Combat between Hatamoto and the Daimyō does not award honor points to either participant.

== Honor and winning the game ==
Except for the beginning, at no point can two players have the same Daimyō or Samurai honor. If one player moves onto another players honor amount, the moving player progresses one additional square. Daimyō honor is gained in three ways: Selling Katanas, acquiring territory, and converting Samurai honor. At the beginning of the Daimyōs turn they may place three yellow triple katana tokens back in the support tile bag in order to progress up one Daimyō honor. the Daimyō may do this as many times as they wish, although it must only be done at the beginning of their turn. When the Daimyō gains territory they also gain the honor that territory provides, while if they lose a territory they lose any honor it provides.

Samurai honor may only be converted to Daimyō honor through a Tea Ceremony. The initiator (usually the Daimyō) must invite another player to the tea ceremony.

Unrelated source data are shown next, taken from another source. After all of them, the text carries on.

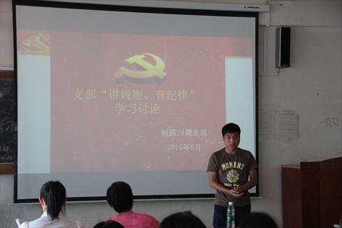 按照支部“两学一做”学习教育计划安排,6月16日,79期学生党支部举行了“讲规矩、有纪律”专题学习讨论,39名党员参加了学习讨论。讨论会由支部书记唐丹主持。
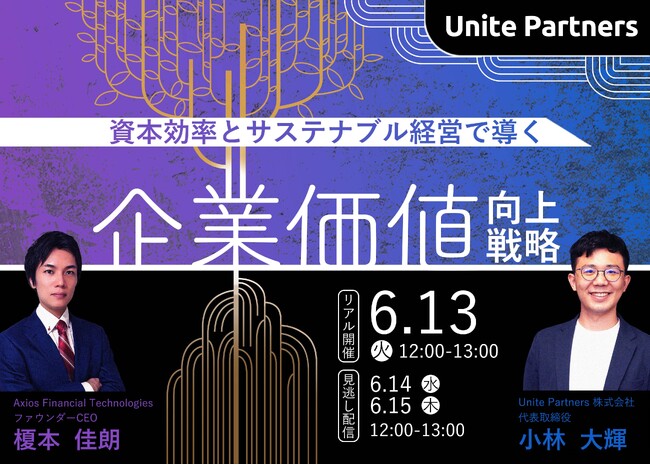 企業の変革パートナーを目指すブティック型コンサルティングファームのUnite Partners株式会社(本社:東京都、代表取締役:小林大輝)は、2023年6月13日(水)に、「企業価値向上戦略 ~資本効率とサステナブル経営で導く~ 」と題して大企業の経営幹部の方向けのセミナーを開催します。
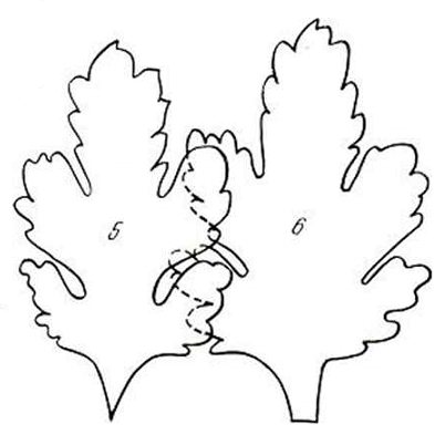 Для выкройки листа хризантемы сначала нарисуйте трилистник. Из верхней части нарисуйте еще три лепестка. Нарисуйте зубчики трилистника.
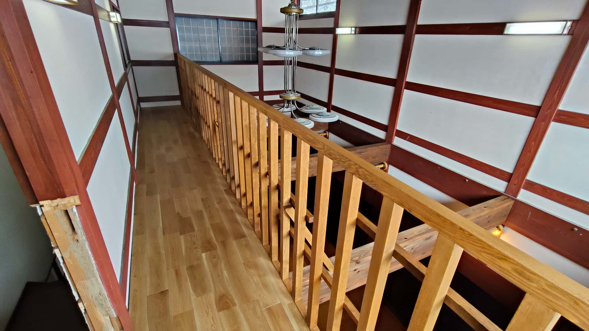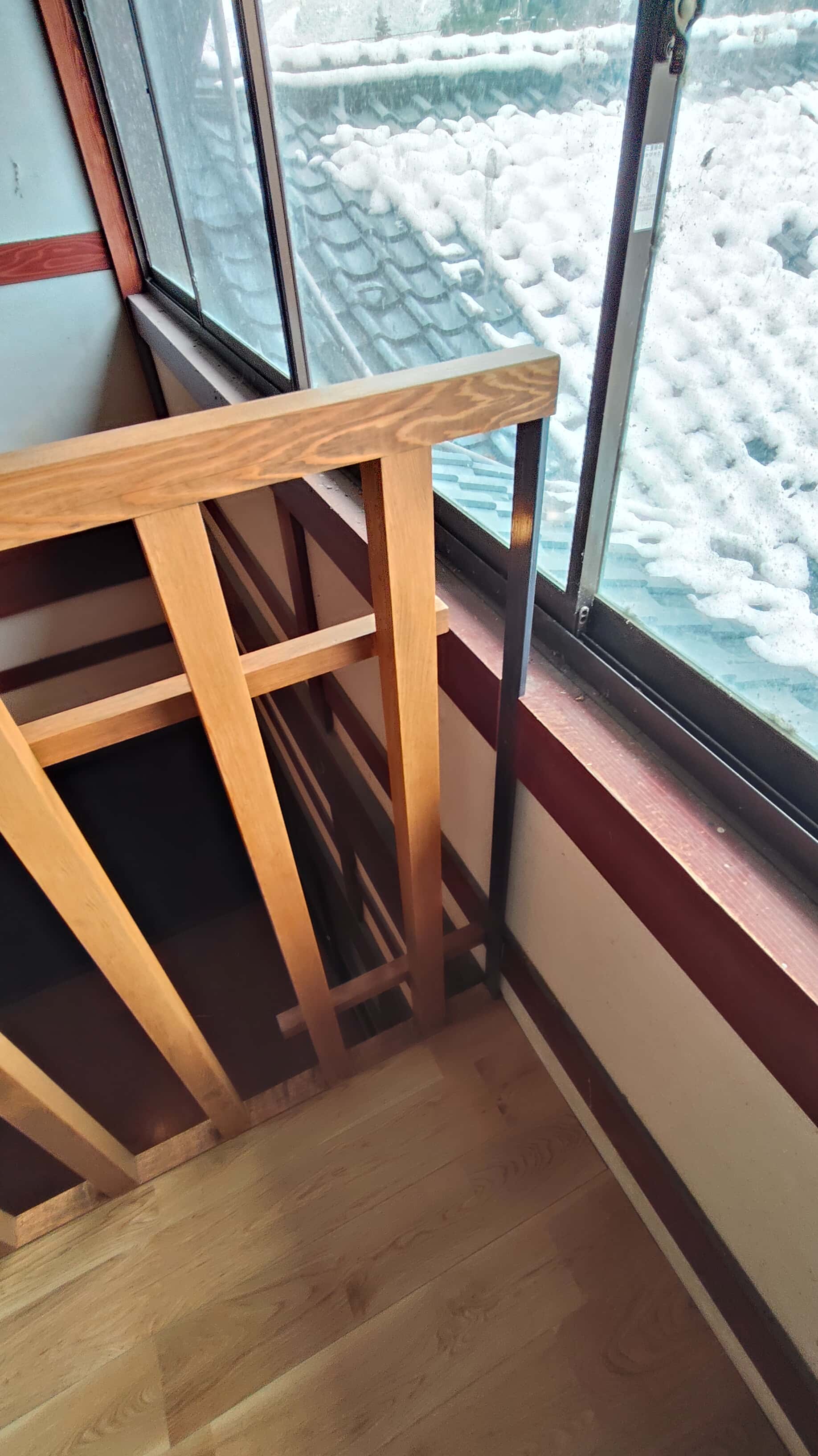 デザインとしては原設計と寸分狂わぬ施工ができましたが、やはり、高い意匠性を施工面で台無しにしないような工夫は重要です。画像でもわかるように、画像右側の手摺の終端処理は真壁の柱に飛びつく形で取付が可能なんですが、窓側の終端はちょっと工夫する必要がありました。

If the other player agrees the initiator gives them 5 samurai honor. the tea ceremony initiator may then convert as much samurai honor as they wish to Daimyō honor, at a rate of two to one (i.e. 4 Samurai honor for 2 Daimyō). If the other player refuses, they lose 10 samurai honor as well as one Daimyō point for the disgrace. If players have less than 10 Samurai points they are not able to refuse a ceremony.

Once a Daimyō reaches 50 honor, they become the new emperor and win the game. Should no one reach this by the end of month 12, the Daimyō with the highest honor total wins.

== Strategy ==

The difficulty in Bushido is that all players are constantly regulating each other making it difficult to win. A samurai may throw a battle that would allow a Daimyō to win, while players may save their best effects for the crucial last couple months. Overall, players whom hope to win have to aim to do so suddenly and without appearing as a threat, or face the wrath of the other players. In this way Bushido favors a diplomatic player over a militaristic player.

== Sequels ==
Tanin the Stranger has recently been released in Europe as an expansion to the Bushido game.